Поплакав, повытиравшись платочком, Агаша было вскочила, чтобы приняться снова за избяную суету, наставляя на стол, но Виталей Андреевич удержал ее, сказав: посиди, мол, давай, пока одни, потолкуем, расскажи, где другие сестры, кроме тех, кого в живых нету: или в деревне они проживают, иль в отъезде, ничего ведь ему о них не известно. Агаша охотно стала сказывать: Настасья здесь, в деревне, в полеводстве робит; Пелагея — многодетная, в пригороде, мужик ее лес по реке сплавляет, а она детей растит, девятеро у нее, все парнишки, иные уж взрослые. Ефросинья тоже в деревне, почту возит. Она давно бы прибежала, да на Кауром за письмами в Дубровку уехала...
— Сама-то как живешь, сестра?
— Так и живу: на пенсии никак уже лет пять. А до того в коровнике — дояркой. А в войну и после войны, пока силы были, молотобойничала в кузне. В тюрьме по несчастью сидела. Кузня колхозная сгорела, меня и упрятали на три года за халатность.
— А детки?
— Бог не дал, — сказала, вздохнув, Агаша. — Видно, кузнечная работа да молот не на пользу пошли. Да и мужик, раненный с фронта, попался слабый. Все болел... А потом и помер, я и осталась одна. И швец, и жнец... — затосковала было душой Агаша, о себе повествуя, но ей это при радостной встрече с браткой показалось неприличным, и она, отряхнувшись от печали, сказала веселым голосом: — Чего это я заговорилась, все о себе да о себе! — ты про себя расскажи, как пелось, в каких странах побывал? — Но и эти слова ей показались неуместными, она вскочила со стула с веселым вскриком: — Ой, погоди, не рассказывай, дай на стол наставлю, тогда и начнем, не торопясь. Соловья, сам знаешь, баснями не кормят.
— Погоди, — остановил ее Виталей Андреевич. — Не хлопочи, не убивайся, я обедать не буду. Дай мне, Агаша, только перекусить малость, подкреплюсь, а застолье — к вечеру. Сестер позови, Настю с Ефросиньей, ну, и соседки пусть придут, какие с тобой в дружбе. Вот тогда и поговорим всласть, да и выпить не мешает, я вина хорошего привез из Москвы, сухого.

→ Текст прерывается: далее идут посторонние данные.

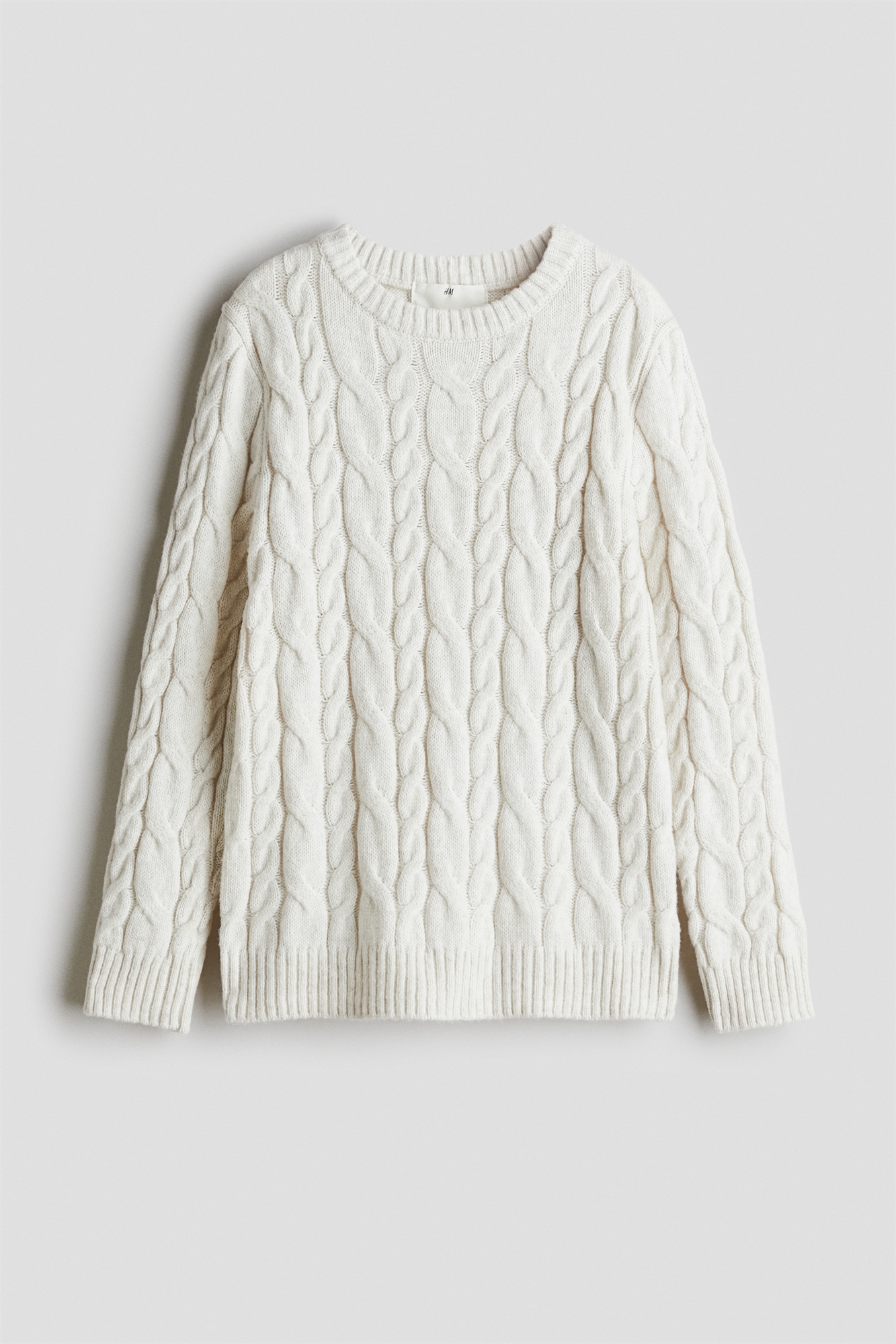 Джемпер из мягкого трикотажа в косы с добавлением шерсти. Круглый вырез с ребристой отделкой, длинные рукава, манжеты и подол в рубчик.

— Ин будь по-твоему, — согласилась Агаша. — Скажи только, до вечера-то что будешь делать, может, отдохнешь с дороги? Иль, может, баньку для тебя протопить?
— Баньку — после, — подумав, сказал Виталей Андреевич. — А сейчас давай, сестра, сходим в поле, цветов нарвем, на родительские могилки положим. По деревне пройдемся, мне на том месте постоять охота, где наша кузня стояла.
Вечером в доме у Агаши было большое застолье, много собралось народу, все пожилые, старые. Самому молодому из всех бригадиру-полеводу, приземистому, плечистому мужику, было за пятьдесят. Почти никого из них Виталей Андреевич не помнил, но его помнили и знали все, приветливо улыбались ему, пожимали руку, говорили хорошие слова. По правую и левую руку от него сидели сестры Настасья с Ефросиньей, обе уже почти старухи, принаряженные в платья из химического волокна, в белых химических же платочках, повязанных по-бабьи, веселые, гордые за своего знаменитого брата, вспомнившего родню и наконец осчастливившего их приездом.
Виталей Андреевич с сестрами сидел на почетном месте. Здесь всегда в дни праздников напротив старинного тусклого зеркала сидел прежде отец. Фотография отца — в правом углу зеркала, пожелтевшая, взгляд, как это бывает всегда, когда боятся моргнуть перед объективом деревенского фотографа, серьезный, прямой, напряженный, так не ладил с его укоризненно-насмешливой, на губах, улыбкой. Рядом — семейное фото — отец с матерью в середине, вокруг сестры, а он, маленький, на коленях у отца.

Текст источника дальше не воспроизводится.